We end this section by stating another result showing how to obtain a lower bound of the logarithmic mean *L* when we start from an upper bound of its dual *L**. In fact, since *L** is (*A*, *H*)-stabilizable then we search bounds of *L** in terms of *A* and *H*. Precisely, we have the following.

**Theorem 4.13.**
*Let α be a real number satisfying that*

{L}^{*}<\alpha A+\left(1-\alpha \right)H.

(4.52)

*Then we have*

{L}^{*}<\left(\frac{1+\alpha}{4}\right)A+\left(\frac{3-\alpha}{4}\right)H.

(4.53)

*If moreover α* > 1/3 *then (4.53) refines (4.52)*.

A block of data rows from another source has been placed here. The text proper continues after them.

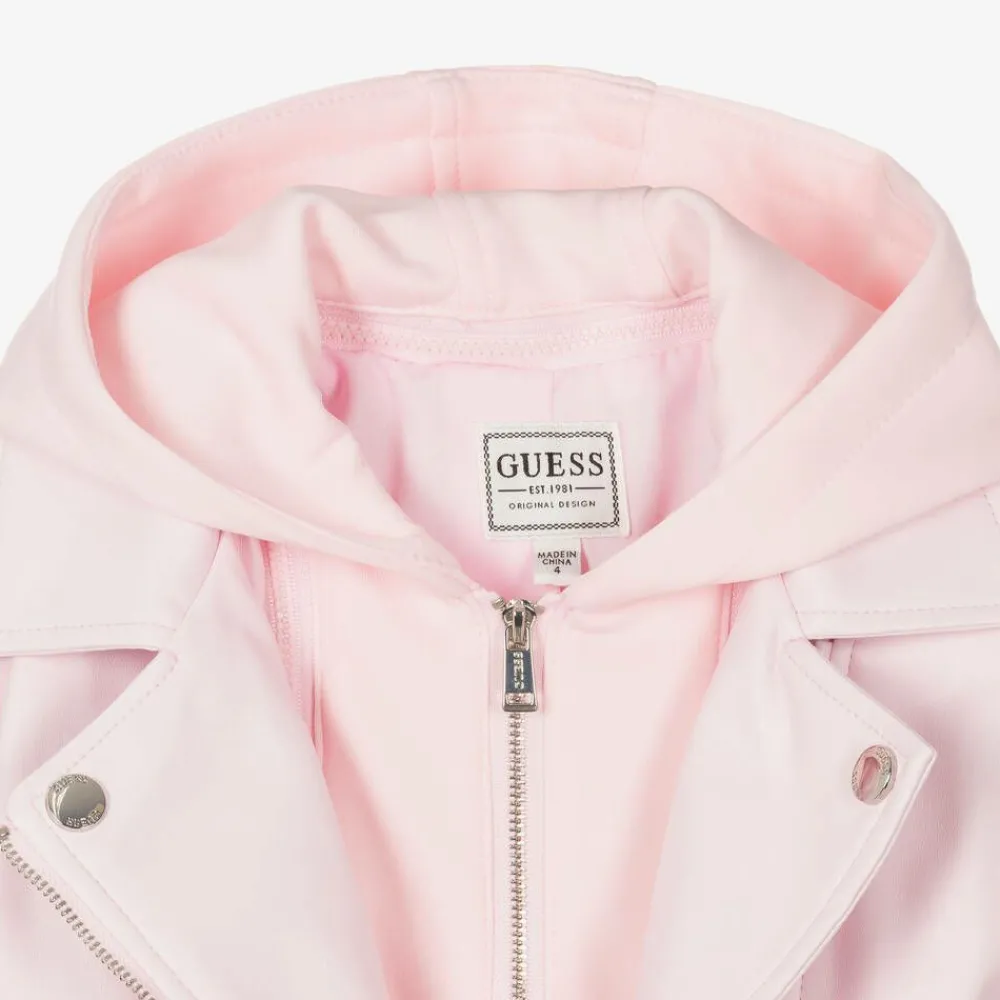 Guess Coats & Jackets*Girls Pink Faux Leather Biker Jacket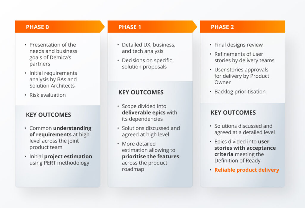 Thanks to the structured process, Demica offers their clients even more reliable delivery of the relevant features within the scope, time, and budget estimated already at an early discovery phase.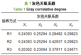 選定絮狀污泥顆粒化過程中4個因素進(jìn)行計(jì)算分析,其中,X1為進(jìn)水COD,X2為有機(jī)負(fù)荷(OLR),X3為EPS含量,X4為水力停留時(shí)間(HRT),利用DPS數(shù)據(jù)處理系統(tǒng)軟件計(jì)算3種培養(yǎng)方式下各因素的灰色關(guān)聯(lián)度系數(shù),結(jié)果如表 1所示.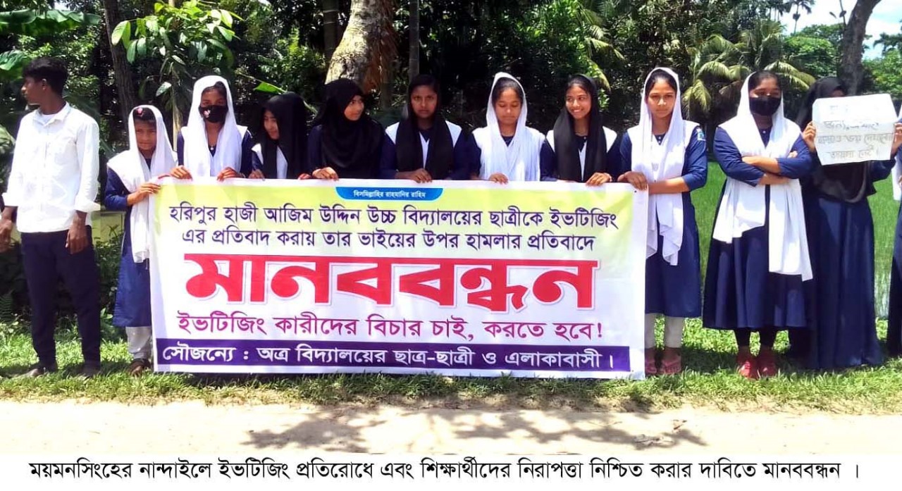 নান্দাইলে স্কুলছাত্রীকে ইভটিজিং: শিক্ষার্থীদের মানববন্ধন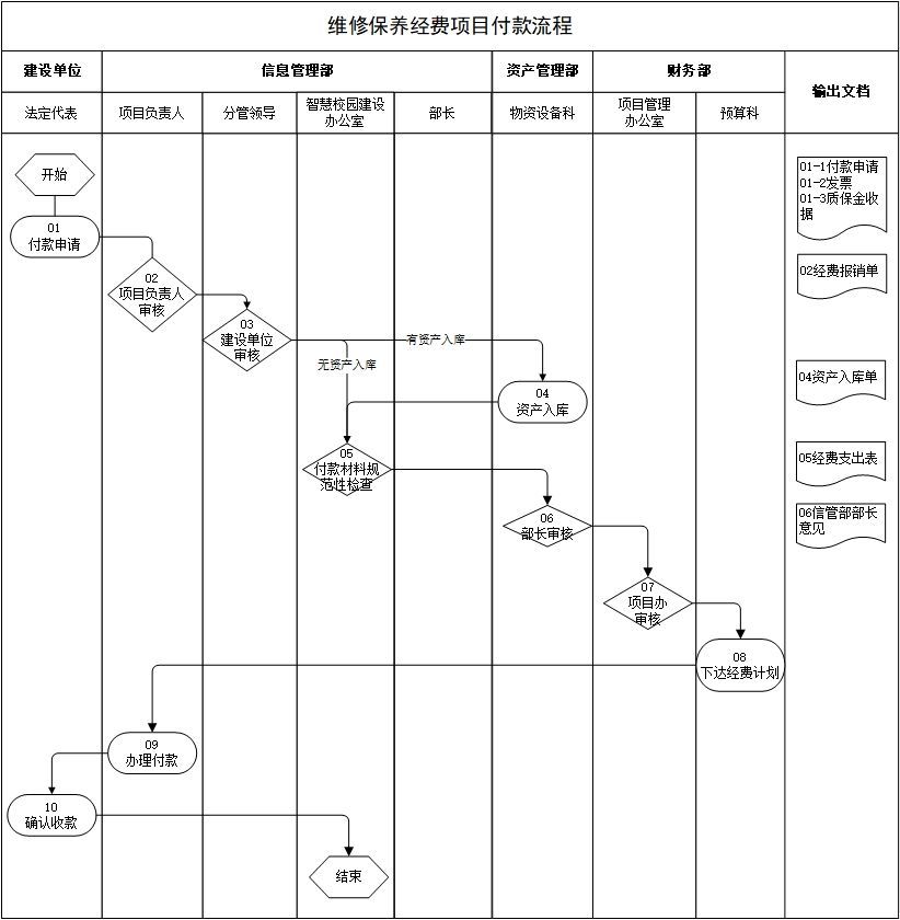05 | 付款材料规范性检查 | 智慧校园建设办公室 | 智慧校园建设办公室对付款材料进行规范性检查并出具经费支出表。 | 附件4:经费支出表 |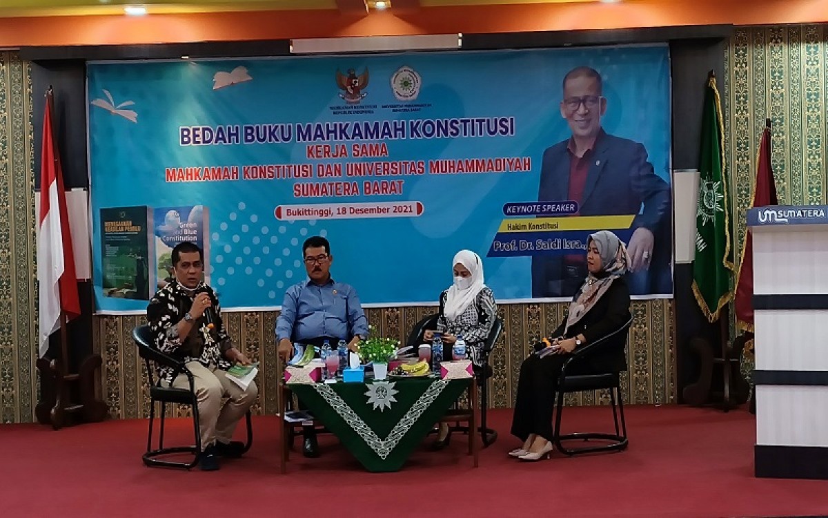 Fakultas Hukum UM Sumbar- Sabtu, 18 November 2021 Fakultas Hukum Universitas Muhammadiyah Sumatera Barat gelar Bedah Buku keluaran Mahkamah Konstitusi Republik Indonesia di Convention Hall Yunahar Ilyas Kampus III UM Sumbar.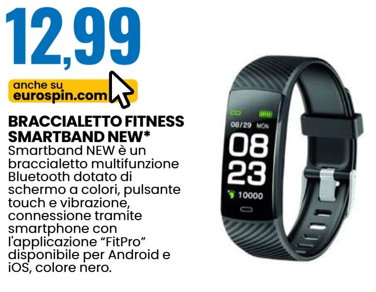 Fino al 29 giugno, hai la possibilità di acquistare lo Smartband NEW da Eurospin a un prezzo imbattibile. Un modo semplice, funzionale e conveniente per iniziare a muoverti di più, monitorare le tue giornate e regalarti un pizzico di tecnologia utile al benessere quotidiano.

*Proof*. Since *L** is (*A*, *H*)-stabilizable then we obtain, with Proposition 2.2,

{L}^{*}<\mathcal{R}\left(A,\alpha A+\left(1-\alpha \right)H,H\right)=\alpha \mathcal{R}\left(A,\phantom{\rule{2.77695pt}{0ex}}A,\phantom{\rule{2.77695pt}{0ex}}H\right)+\left(1-\alpha \right)\mathcal{R}\left(A,\phantom{\rule{2.77695pt}{0ex}}H,\phantom{\rule{2.77695pt}{0ex}}H\right).

(4.54)

Thanks to relationships (2.5) for obtaining

{L}^{*}<\alpha \left(\frac{A+H}{2}\right)+\left(1-\alpha \right){\left(\frac{3}{4}A+\frac{1}{4}H\right)}^{*}.

(4.55)

Due to the point-wise convexity of the mean-map *m* ↦ *m**, with *A** = *H* and *H** = *A*, we obtain

{L}^{*}<\alpha \left(\frac{A+H}{2}\right)+\left(1-\alpha \right)\left(\frac{3}{4}H+\frac{1}{4}A\right),

(4.56)

which after reduction yields the desired result.

**Corollary 4.14.**
*The following inequality holds true*

\frac{1}{L}<\frac{2}{3}\frac{1}{A}+\frac{1}{3}\frac{1}{H}.

(4.57)

*Proof*. Similarly to the same idea as in the above we have

{L}^{*}<\left(\frac{1+{\alpha}_{n}}{4}\right)A+\left(\frac{3-{\alpha}_{n}}{4}\right)H,

(4.58)

where (*α*_{
n
} ) _{
n
} is the sequence defined by the same recursive relation as in the proof of Corollary 4.9. Letting *n →* +*∞* we obtain

{L}^{*}<\frac{1}{3}A+\frac{2}{3}H.

(4.59)

The general relation *m** = *G*^{2}/*m* valid for all mean *m*, gives in particular, *L** = *G*^{2}/*L, H* = *G*^{2}/*A* and *A* = *G*^{2}/*H*. Substituting this in the latter inequality, we obtain the desired result. □

*Remark* 4.5. The inequality (4.57) was differently proved by Chen [5] and shown here by the same approach as (4.20), (4.26), and (4.38), so proving the interest of this study. Further, we notice that it is easy to verify that (4.57) is stronger than (4.51).